Зашел я к доктору. Мне назначили первую встречу. Будучи человеком обеспокоенным, я приперся на полчаса раньше, все время размышляя о раке. Прошел через приемную и заглянул в кабинет. Сестра-секретарша сидела там на корточках в своем узеньком белом халатике, задранном аж до самых ляжек, грубых и громоносных, проглядывавших сквозь туго натянутый нейлон. Я немедленно забыл про рак. Она меня не слышала, а я не мог оторваться от ее неприкрытых ног и бедер, примеривался глазами к аппетитному крупу. Она подтирала воду на полу, забился унитаз, и она ругалась, страстная, розовая и смуглая, и живая, и неприкрытая, и я все смотрел и смотрел.
Она подняла голову:
– Да?
– Продолжайте, – ответил я, – не обращайте на меня внимания.
– Туалет, – сказала она. – Постоянно забивается.
Она продолжала подтирать. Я продолжал таращиться на нее поверх журнала Лайф.
Наконец, она встала. Я подошел к кушетке и сел. Она пробежалась по журналу регистрации.
– Вы мистер Чинаски?
– Да.
– А почему вы не снимете перчатки? Здесь тепло.
– Я лучше не буду, если не возражаете.
– Доктор Кипенхауэр скоро придет.
– Хорошо, я подожду.
– Что с вами?
– Рак.
– Рак?
– Да.
Медсестра исчезла, а я прочел номер Лайфа, потом – еще один номер Лайфа, затем номер Спортс Иллюстрейтед, затем сидел и смотрел на развешанные морские и земные пейзажи, а откуда-то сочилась консервированная музыка. Вдруг свет мигнул, потом снова зажегся: интересно, подумал я, а можно ли будет как-нибудь изнасиловать медсестру, и сойдет ли мне это с рук, – и тут вошел врач. Я не обратил внимания на него, он не обратил внимания на меня, поэтому мы были квиты.

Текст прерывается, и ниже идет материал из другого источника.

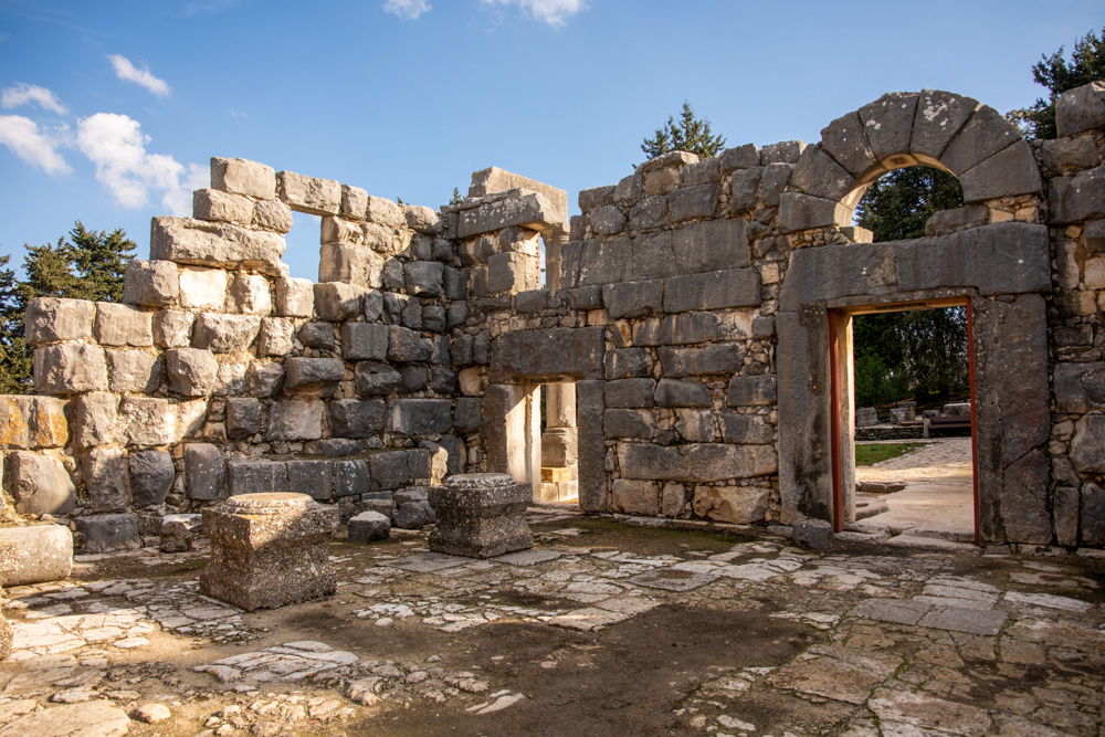View northwest: The main entrance to the synagogue, which dates to the late fourth or early fifth century AD. Six pillars supported the portico that once stood in front of the synagogue entrances.
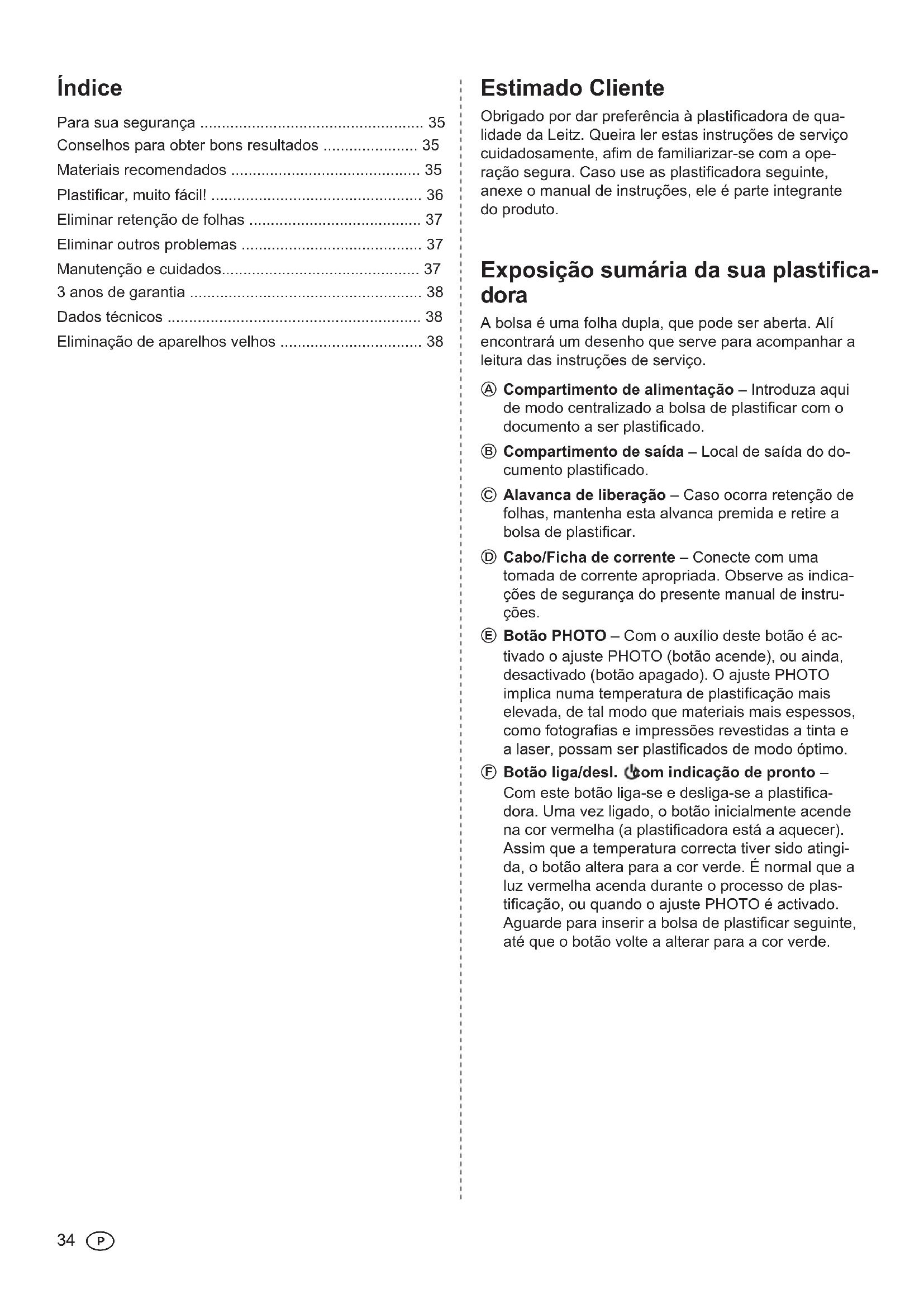- Eliminação de aparelhos velhos Estimado Cliente Obrigado por dar preferência à plasticadora de qua- lidade da Leitz. Queira ler estas instruções de serviço cuidadosamente, am de familiarizar-se com a ope- ração segura. Caso use as plasticadora seguinte, anexe o manual de instruções, ele é parte integrante do produto.P p. 38

Меня пригласили в кабинет. Он сидел на табурете и смотрел на меня. У него было желтое лицо, желтые волосы, тусклые глаза. Он умирал. Ему было года 42. Я ощупал его глазами и дал где-то полгода жизни.
– Зачем перчатки? – спросил он.
– Я чувствительный человек, доктор.
– Неужели?
– Да.
– Тогда я должен вам сообщить, что я когда-то был нацистом.
– Это ничего.
– Вас не беспокоит то, что я когда-то был нацистом?
– Нет, не беспокоит.
– Меня поймали. Нас провезли через всю Францию в товарном вагоне с открытыми дверями, а люди стояли вдоль путей и швыряли в нас бомбы-вонючки, камни и всякий мусор – рыбьи кости, засохшие цветы, экскременты, все самое невообразимое.
Затем доктор сел и рассказал мне о своей жене. Она пыталась его освежевать.
Настоящая тварь. Пыталась забрать все его деньги. Дом. Сад. Домик в саду. И, вполне возможно, садовника тоже, если уже этого не сделала. И машину. И алименты. Плюс крупный шмат налички. Кошмарная женщина. Он так много работал.
Пятьдесят пациентов в день по десятке с головы. Почти невозможно прожить. Да еще эта женщина. Женщины. Да, женщины. Он разложил мне это слово по полочкам. Я забыл, что это было – “женщина” или “фемина”, – но он разобрал его по-латыни, а потом залез оттуда еще глубже, чтобы только показать мне, какой у этого слова корень, по-латыни: выходило, что женщины в основе своей безумны.
Пока доктор распространялся о безумии женщин, мне он начал нравиться. Голова моя покачивалась в согласии с ним.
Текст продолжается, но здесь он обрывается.